Department of Veterans Affairs headquarters has seen Dec. 23, 2024, in Washington, D.C. (Eric Kayne/Stars and Stripes)
WASHINGTON — The Department of Veterans Affairs will end a controversial mortgage bailout program that provides “last resort” assistance to veterans facing foreclosure and holding VA-backed loans, the agency announced.
The Veterans Affairs Servicing Purchase Program, known as VASP, will close permanently on May 1, after purchasing more than 17,000 delinquent loans valued at nearly $5.5 billion to keep veterans in their homes, the VA said.
Some Republican lawmakers had objected to the program, which was launched last May, because it involves the VA holding the loan in its own portfolio and therefore puts taxpayer money at risk.
“VA’s Veterans Affairs Servicing Purchase Program, which was unilaterally created by [former President Joe Biden’s] administration and lacks congressional authority, will stop accepting new enrollees,” said Peter Kasperowicz, the VA press secretary.

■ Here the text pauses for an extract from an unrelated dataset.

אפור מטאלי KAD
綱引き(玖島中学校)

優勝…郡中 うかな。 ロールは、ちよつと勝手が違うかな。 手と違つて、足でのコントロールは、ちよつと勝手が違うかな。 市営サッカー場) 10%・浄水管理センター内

Kasperowicz said the VA decided to end the program because the agency is not set up or intended to be a mortgage loan restructuring service.
Under VASP, delinquent mortgages are restructured at an interest rate of 2.5%, which is well below the average market rate. The national average this week for a 30-year, fixed-rate mortgage is slightly more than 6%, according to BankRate, a consumer financial services company that surveys major lenders weekly.

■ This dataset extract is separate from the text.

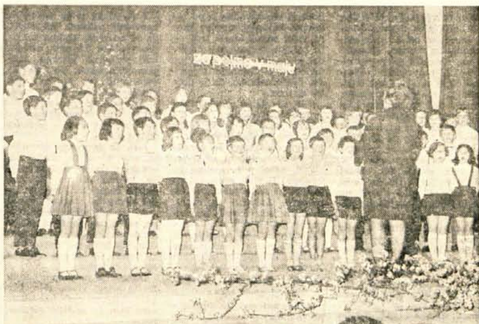
V Cerkljah na Gorenjskem je bila v nedeljo popoldne revija pevskih zborov iz kranjske občine. Na sliki: pevski zbor osemletke Lucijan Seljak iz Kranja

Closing the year-old program to new enrollees will not affect current participants or mortgage holders who enroll prior to May 1, Kasperowicz said. Veterans do not apply directly for the special refinancing. Mortgage servicers make requests on their behalf after alternative repayment options are exhausted.
“Today, [President Donald Trump’s] administration rightfully put an end to VA’s VASP program,” said Reps. Mike Bost, R-Ill., chairman of the House Veterans’ Affairs Committee, and Derrick Van Orden, R-Wis., chairman of the committee’s subpanel on economic opportunity.
The VA has been unable to prove that individuals will not intentionally miss their mortgage payments to take advantage of a 2.5% interest rate, according to the congressmen.
But Sen. Richard Blumenthal of Connecticut, the top Democrat on the Senate Veterans’ Affairs Committee, described the elimination of VASP as “an act of cruelty and incompetence” toward veterans in severe financial distress who are at risk of losing their homes.
He said VASP was launched after pandemic-era mortgage relief programs expired and mortgage interest rates began to rise.
“This program gives [veterans] last-resort options to avoid the emotional and financial crisis that often leads to homelessness,” Blumenthal said.
But Bost and Van Orden said in a joint statement that House Republicans intend to create a partial claim program to assist veterans facing foreclosure. A partial claim program would allow veterans in financial hardship to defer missed payments without immediately facing foreclosure.
“This is the right move by [VA] Secretary [Doug] Collins and the Trump administration to protect the integrity of the VA home loan program, and today’s and tomorrow’s veterans will undoubtedly be better off because of it,” Bost and Van Orden said.
Last month, Van Orden introduced the VA Home Loan Program Reform Act, which would create a partial claim program and authorize the VA secretary to “pay the holder of a loan guaranteed … an amount necessary to avoid the foreclosure of such loan.”
The VA in turn would ensure the VA receives a “secured interest in the property covered by the loan” that serves as collateral, according to the bill’s language.
Housing and veterans groups have urged the VA not to end VASP without having an alternative in place.
There are about 81,000 active-duty service members or veterans who have missed three or more payments on their VA mortgages, according to figures from the Center for Responsible Lending and the National Consumer Law Center, nonprofit consumer protection groups.
The organizations endorsed a partial claim program as a solution to help veterans regain financial footing after falling behind on mortgage payments.